It goes without saying that the law is supreme and must be obeyed. Civilization rests on obedience to law. But the law is not absolute. It requires to be construed. Rigid construction of the law works, and must work, in the vast majority of cases, for the benefit of the men who can hire the best lawyers and who have the sources of influence in lawmaking at their command. Strict construction necessarily favors the great interests as against the people, and in the long run can not do otherwise. Wise execution of the law must consider what the law ought to accomplish for the general good. The great oppressive trusts exist because of subservient lawmakers and adroit legal constructions. Here is the central stronghold of the money power in the everlasting conflict of the few to grab, and the many to keep or win the rights they were born with. Legal technicalities seldom help the people. The people, not the law, should have the benefit of every doubt.
Equality of opportunity, a square deal for every man, the protection of the citizen against the great concentrations of capital, the intelligent use of laws and institutions for the public good, and the conservation of our natural resources, not for the trusts, but for the people; these are real issues and real problems. Upon such things as these the perpetuity of this country as a nation of homes really depends. We are coming to see that the simple things are the things to work for. More than that, we are coming to see that the plain American citizen is the man to work for. The imagination is staggered by the magnitude of the prize for which we work. If we succeed, there will exist upon this continent a sane, strong people, living through the centuries in a land subdued and controlled for the service of the people, its rightful masters, owned by the many and not by the few. If we fail, the great interests, increasing their control of our natural resources, will thereby control the country more and more, and the rights of the people will fade into the privileges of concentrated wealth.

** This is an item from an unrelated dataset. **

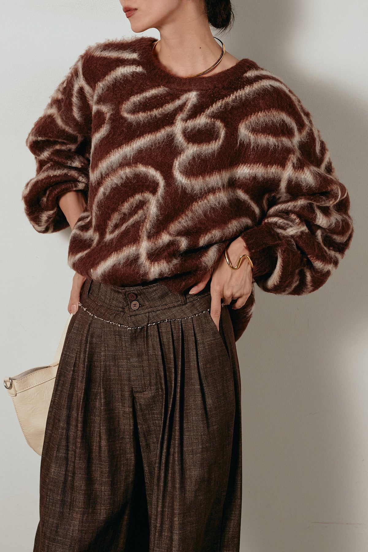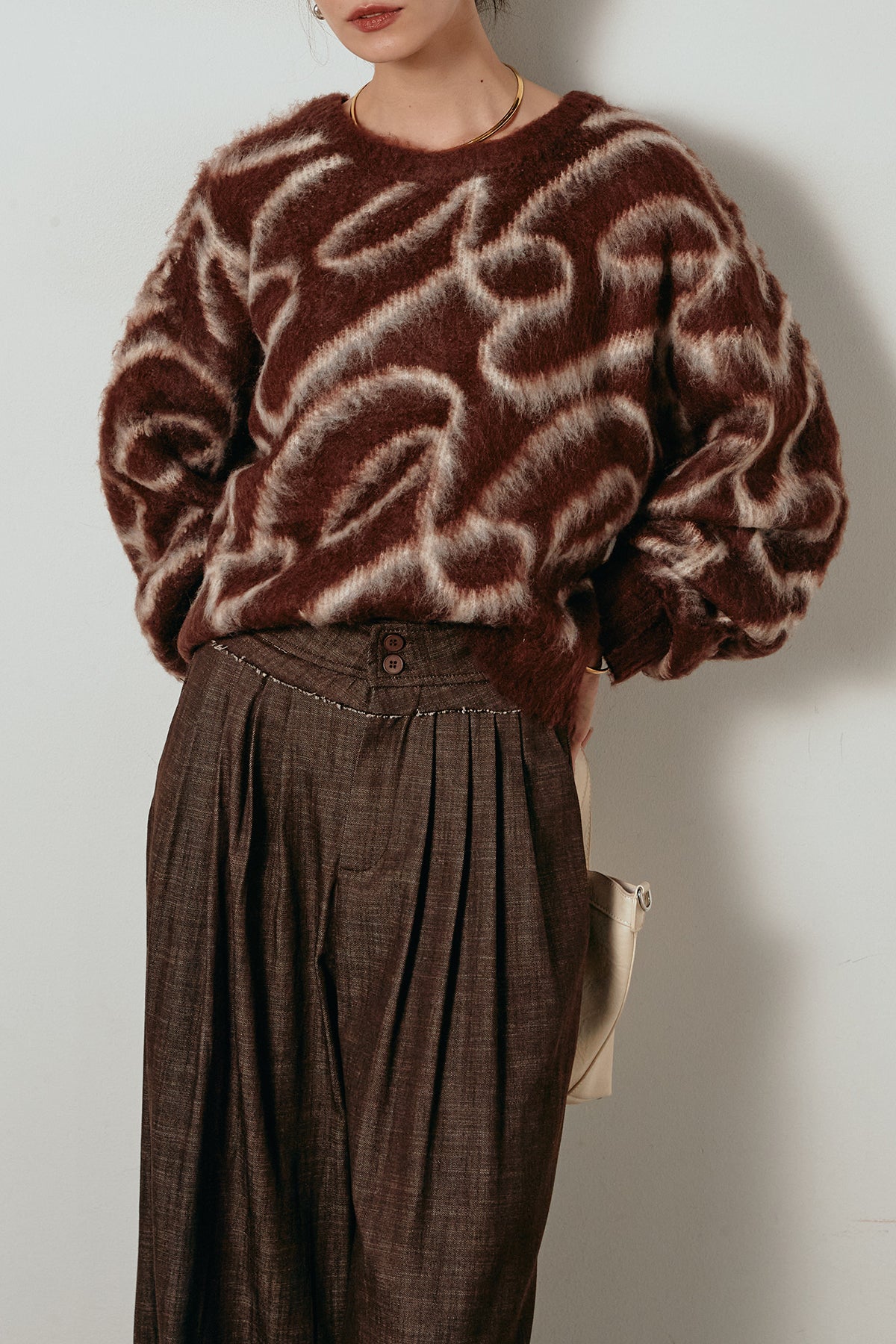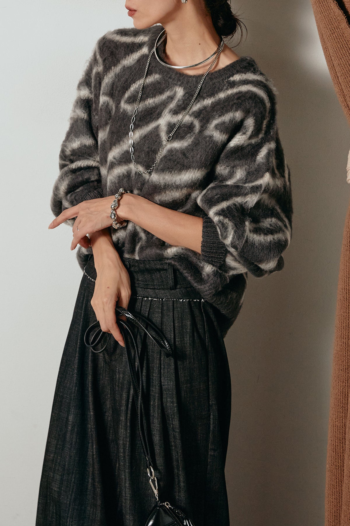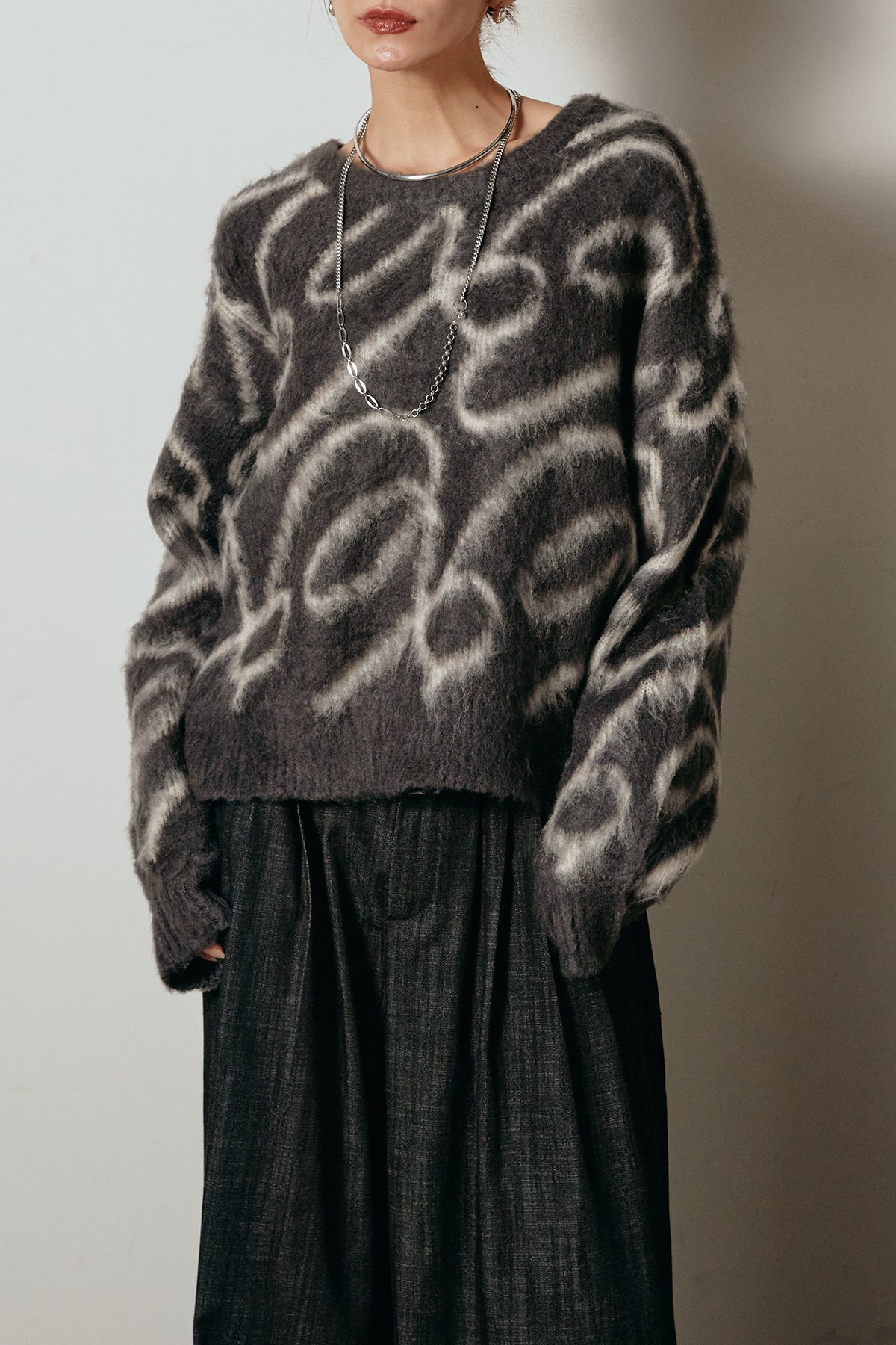 柔らかな毛足のあるニットに、印象的なライン柄を施したプルオーバー。抽象的なニュアンスデザインが存在感を放ち、シンプルながらもモードな印象を演出します。ゆったりとしたシルエットでリラックス感があり、ボトムを選ばず着回し自在。デニムやスカートと合わせるだけで洗練されたスタイリングが完成します。

There could be no better illustration of the eager, rapid, unwearied absorption by capital of the rights which belong to all the people than the water-power trust, perhaps not yet formed but in process of formation. This statement is true, but not unchallenged. We are met at every turn by the indignant denial of the water-power interests. They tell us that there is no community of interest among them, and yet they appear by their paid attorneys, year after year, at irrigation and other congresses, asking for help to remove the few remaining obstacles to their perpetual and complete absorption of the remaining water-powers. They tell us it has no significance that there is hardly a bank in some sections of the country that is not an agency for water-power capital, or that the General Electric Company interests are acquiring great groups of water-powers in various parts of the United States, and dominating the power market in the region of each group. And whoever dominates power, dominates all industry.
Have you ever seen a few drops of oil scattered on the water spreading until they formed a continuous film, which put an end at once to all agitation of the surface? The time for us to agitate this question is now, before the separate circles of centralized control spread into the uniform, unbroken, Nation-wide covering of a single gigantic trust. There will be little chance for mere agitation after that. No man at all familiar with the situation can doubt that the time for effective protest is very short. If we do not use it to protect ourselves now, we may be very sure that the trust will give hereafter small consideration to the welfare of the average citizen when in conflict with its own.
The man who really counts is the plain American citizen. This is the man for whom the Roosevelt policies were created, and his welfare is the end to which the Roosevelt policies lead.
I stand for the Roosevelt policies because they set the common good of all of us above the private gain of some of us; because they recognize the livelihood of the small man as more important to the Nation than the profit of the big man; because they oppose all useless waste at present at the cost of robbing the future; because they demand the complete, sane, and orderly development of all our natural resources; because they insist upon equality of opportunity and denounce monopoly and special privilege; because, discarding false issues, they deal directly with the vital questions that really make a difference with the welfare of us all; and, most of all, because in them the plain American always and everywhere holds the first place. And I propose to stand for them while I have the strength to stand for anything.